* **Information supplied**
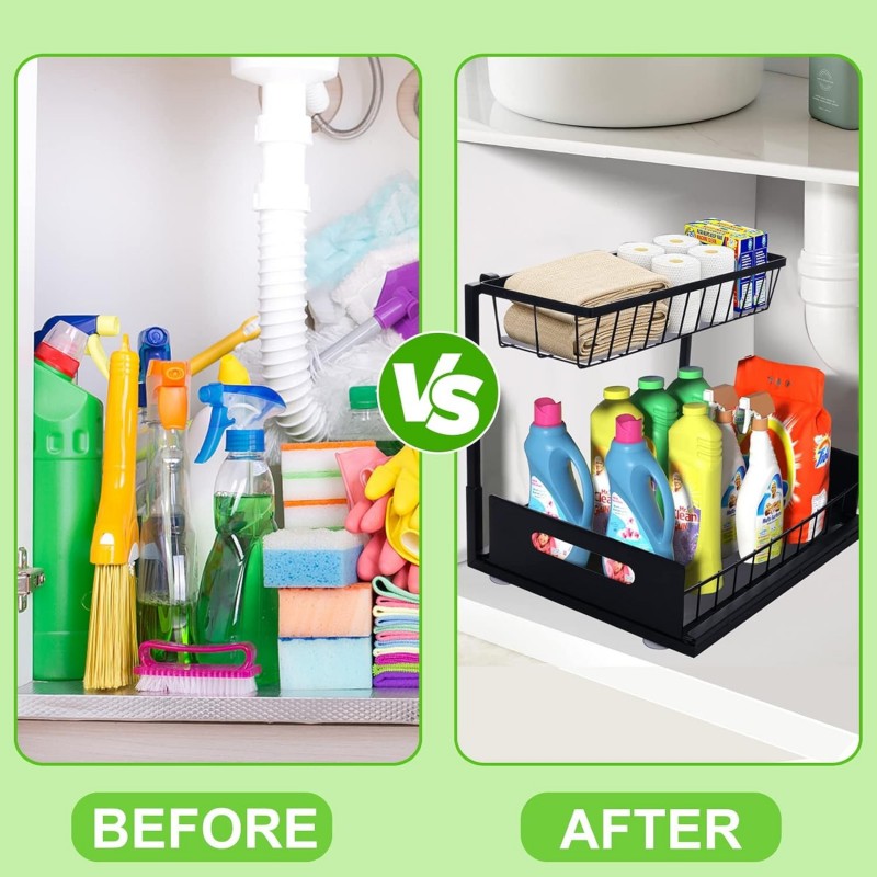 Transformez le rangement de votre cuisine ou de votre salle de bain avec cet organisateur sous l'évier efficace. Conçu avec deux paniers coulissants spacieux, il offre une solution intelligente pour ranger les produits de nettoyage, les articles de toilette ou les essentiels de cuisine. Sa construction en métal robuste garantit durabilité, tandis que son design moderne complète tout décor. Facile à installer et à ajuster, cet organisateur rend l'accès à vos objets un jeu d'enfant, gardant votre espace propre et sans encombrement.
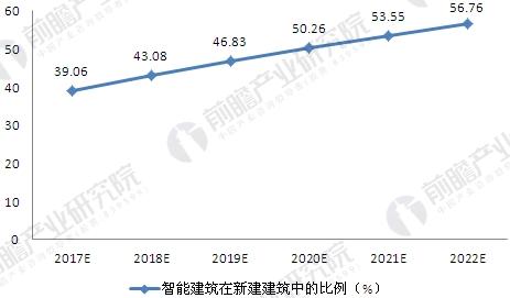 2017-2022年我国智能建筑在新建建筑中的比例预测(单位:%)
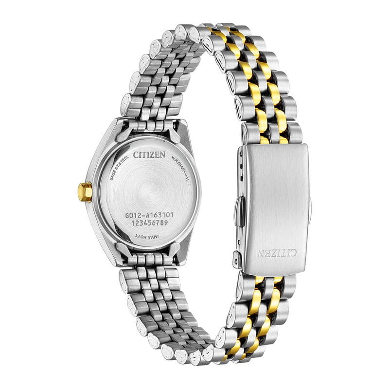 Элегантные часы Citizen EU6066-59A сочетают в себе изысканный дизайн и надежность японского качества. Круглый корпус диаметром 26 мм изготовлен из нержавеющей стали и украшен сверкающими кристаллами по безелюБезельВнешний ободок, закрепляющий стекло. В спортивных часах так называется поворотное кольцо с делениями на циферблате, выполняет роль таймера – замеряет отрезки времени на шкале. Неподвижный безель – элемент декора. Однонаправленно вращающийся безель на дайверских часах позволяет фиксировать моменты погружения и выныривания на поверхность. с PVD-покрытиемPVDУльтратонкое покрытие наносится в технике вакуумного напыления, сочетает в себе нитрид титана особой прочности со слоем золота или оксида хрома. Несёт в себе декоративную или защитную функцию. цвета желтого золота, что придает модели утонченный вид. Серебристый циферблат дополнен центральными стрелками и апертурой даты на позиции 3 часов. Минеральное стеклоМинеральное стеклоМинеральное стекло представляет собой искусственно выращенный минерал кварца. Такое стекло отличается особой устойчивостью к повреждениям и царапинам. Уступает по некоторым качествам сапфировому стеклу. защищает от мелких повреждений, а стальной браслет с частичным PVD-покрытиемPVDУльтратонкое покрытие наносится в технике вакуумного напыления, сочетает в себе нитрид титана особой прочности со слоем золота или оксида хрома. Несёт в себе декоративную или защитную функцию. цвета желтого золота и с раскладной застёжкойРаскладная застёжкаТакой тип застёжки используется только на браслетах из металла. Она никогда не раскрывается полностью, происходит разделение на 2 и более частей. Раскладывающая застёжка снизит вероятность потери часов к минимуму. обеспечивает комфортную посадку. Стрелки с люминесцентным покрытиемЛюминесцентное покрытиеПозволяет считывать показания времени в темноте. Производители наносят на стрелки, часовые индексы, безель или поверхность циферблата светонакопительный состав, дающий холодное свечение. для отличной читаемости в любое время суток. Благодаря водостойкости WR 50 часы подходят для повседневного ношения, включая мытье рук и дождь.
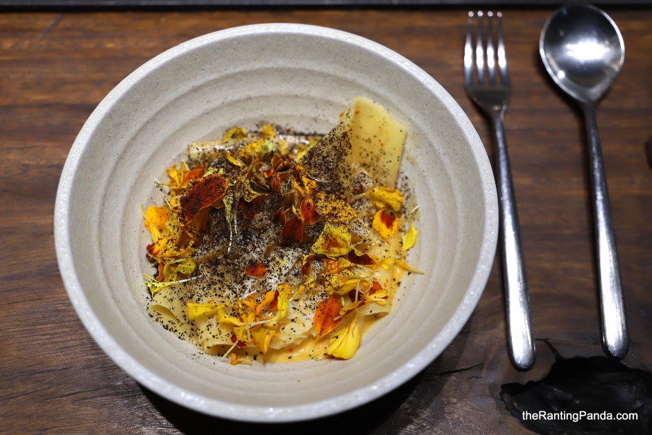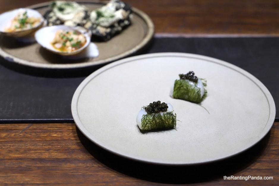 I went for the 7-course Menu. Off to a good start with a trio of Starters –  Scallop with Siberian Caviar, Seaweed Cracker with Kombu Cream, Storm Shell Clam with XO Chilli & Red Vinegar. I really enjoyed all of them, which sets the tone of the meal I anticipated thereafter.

* **Try it**
Where pictures appear, drop them, and reproduce exactly only the lines running from the beginning of the data to the line that contains "2017-2022年我国智能建筑在新建建筑中的比例预测(单位:%)", inclusive.

* **Task output**
 Transformez le rangement de votre cuisine ou de votre salle de bain avec cet organisateur sous l'évier efficace. Conçu avec deux paniers coulissants spacieux, il offre une solution intelligente pour ranger les produits de nettoyage, les articles de toilette ou les essentiels de cuisine. Sa construction en métal robuste garantit durabilité, tandis que son design moderne complète tout décor. Facile à installer et à ajuster, cet organisateur rend l'accès à vos objets un jeu d'enfant, gardant votre espace propre et sans encombrement.
 2017-2022年我国智能建筑在新建建筑中的比例预测(单位:%)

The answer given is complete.